The power struggle between corporations and municipalities erupted way before the 1980s. Cable has traced it back to the landmark 1819 US Supreme Court decision in Trustees of Dartmouth College v. Woodward. The court applied the contract clause of the US Constitution to private corporations, allowing Dartmouth College to continue as a private institution and limiting the power of the state to interfere with private charters.
Then, in 1886, the court used the Fourteenth Amendment to grant equal protection to corporations in Santa Clara County v. Southern Pacific Railroad Co. As ratified in 1868, the Fourteenth Amendment grants citizenship to “all persons born or naturalized in the United States” and forbids states from denying any person “life, liberty or property without due process of law” or “the equal protection of the law.”

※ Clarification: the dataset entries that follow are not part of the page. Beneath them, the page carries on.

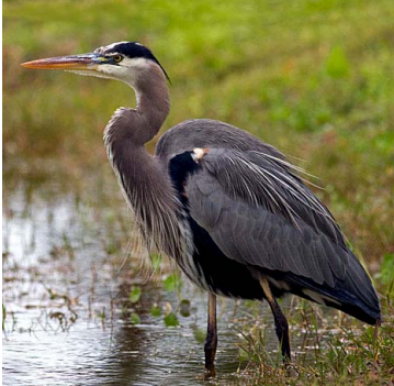
Great Blue Heron Ardea herodias ARDEIDAE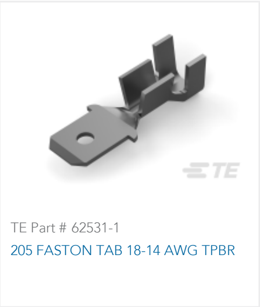
TE Part # 62531-1 205 FASTON TAB 18-14 AWG TPBR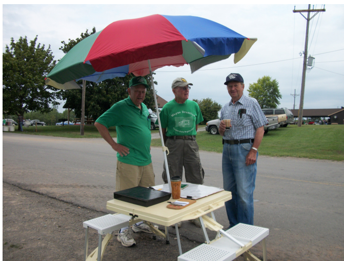
Flea Market Registration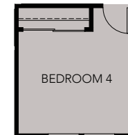
OPTIONAL BEDROOM 4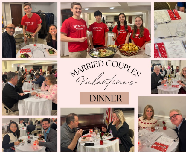
MARRIED COUPLES Valentine's DINNER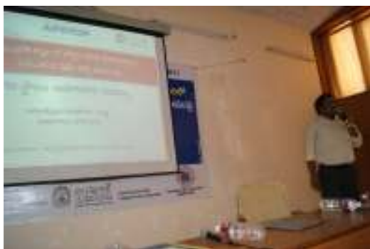
Session During the Programme

“They perverted the Fourteenth Amendment,” Cable claimed. “In fact, during the twenty-year period following that case, most of the cases before the Supreme Court that cited the Fourteenth Amendment by far had to do with business and not racial discrimination.”
As fracking spreads across the nation, the future of its regulation remains uncertain. With Congress taking a hands-off approach, individual states and communities are struggling to gather expertise and resources to deal with the onslaught. In the meantime, Cable will be keeping an eye on the little guys trying to prevent another environmental disaster like Love Canal.